What you have to do> Instruction for the entries that follow: retype exactly the lines from the line with "When asked to" to the line with "Сорняка на могиле", both included, and omit all others.

Input for this task>
────────────────────────────────────────

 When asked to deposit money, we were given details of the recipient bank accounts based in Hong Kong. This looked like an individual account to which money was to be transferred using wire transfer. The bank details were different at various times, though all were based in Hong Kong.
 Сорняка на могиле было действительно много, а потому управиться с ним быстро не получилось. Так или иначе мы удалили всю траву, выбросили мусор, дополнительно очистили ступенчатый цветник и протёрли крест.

────────────────────────────────────────

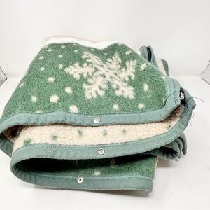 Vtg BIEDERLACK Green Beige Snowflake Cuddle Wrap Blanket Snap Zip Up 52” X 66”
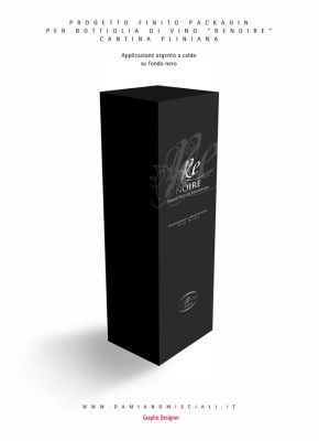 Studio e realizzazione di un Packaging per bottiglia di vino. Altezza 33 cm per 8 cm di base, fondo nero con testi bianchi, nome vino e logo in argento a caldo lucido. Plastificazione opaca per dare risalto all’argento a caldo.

────────────────────────────────────────

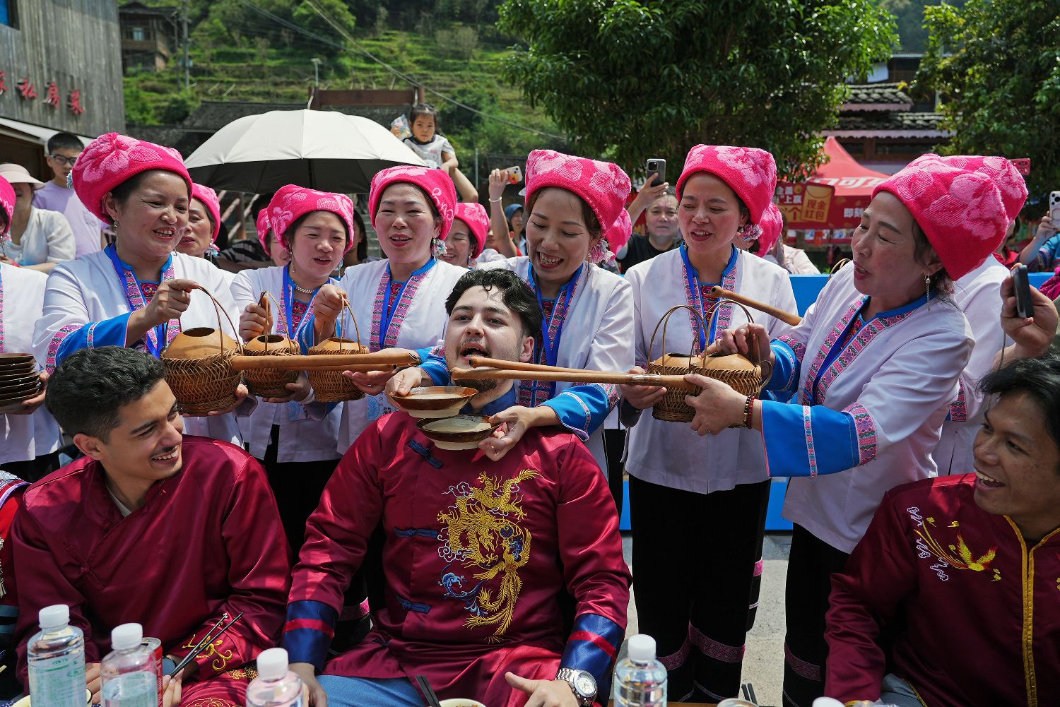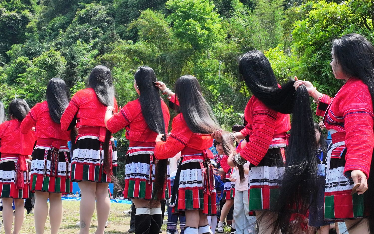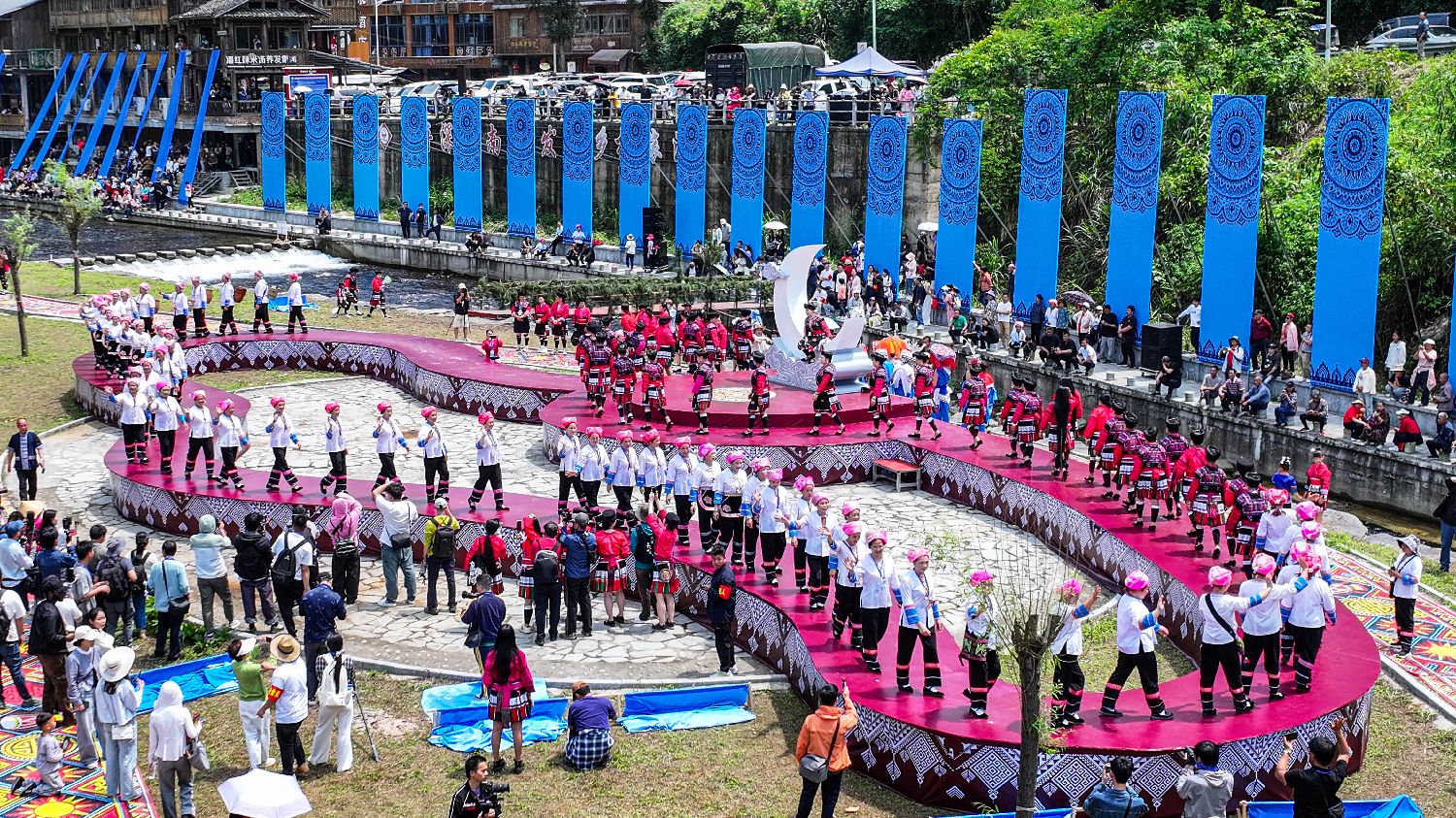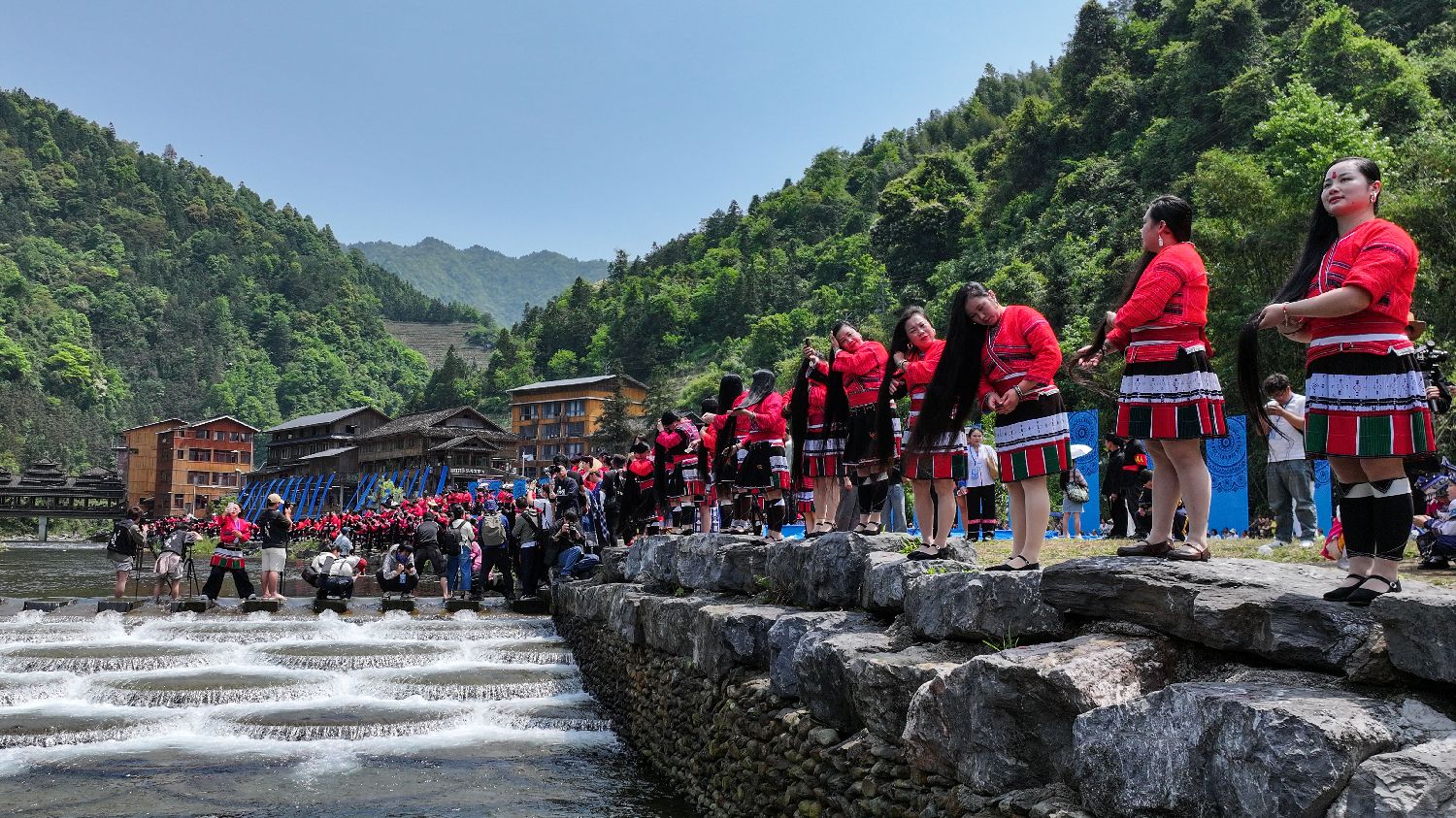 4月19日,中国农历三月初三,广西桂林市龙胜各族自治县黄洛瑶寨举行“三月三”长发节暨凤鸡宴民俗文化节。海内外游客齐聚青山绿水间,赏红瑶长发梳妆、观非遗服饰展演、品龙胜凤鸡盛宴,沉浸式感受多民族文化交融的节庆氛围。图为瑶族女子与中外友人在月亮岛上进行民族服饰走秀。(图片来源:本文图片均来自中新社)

────────────────────────────────────────

Answer box>
 When asked to deposit money, we were given details of the recipient bank accounts based in Hong Kong. This looked like an individual account to which money was to be transferred using wire transfer. The bank details were different at various times, though all were based in Hong Kong.
 Сорняка на могиле было действительно много, а потому управиться с ним быстро не получилось. Так или иначе мы удалили всю траву, выбросили мусор, дополнительно очистили ступенчатый цветник и протёрли крест.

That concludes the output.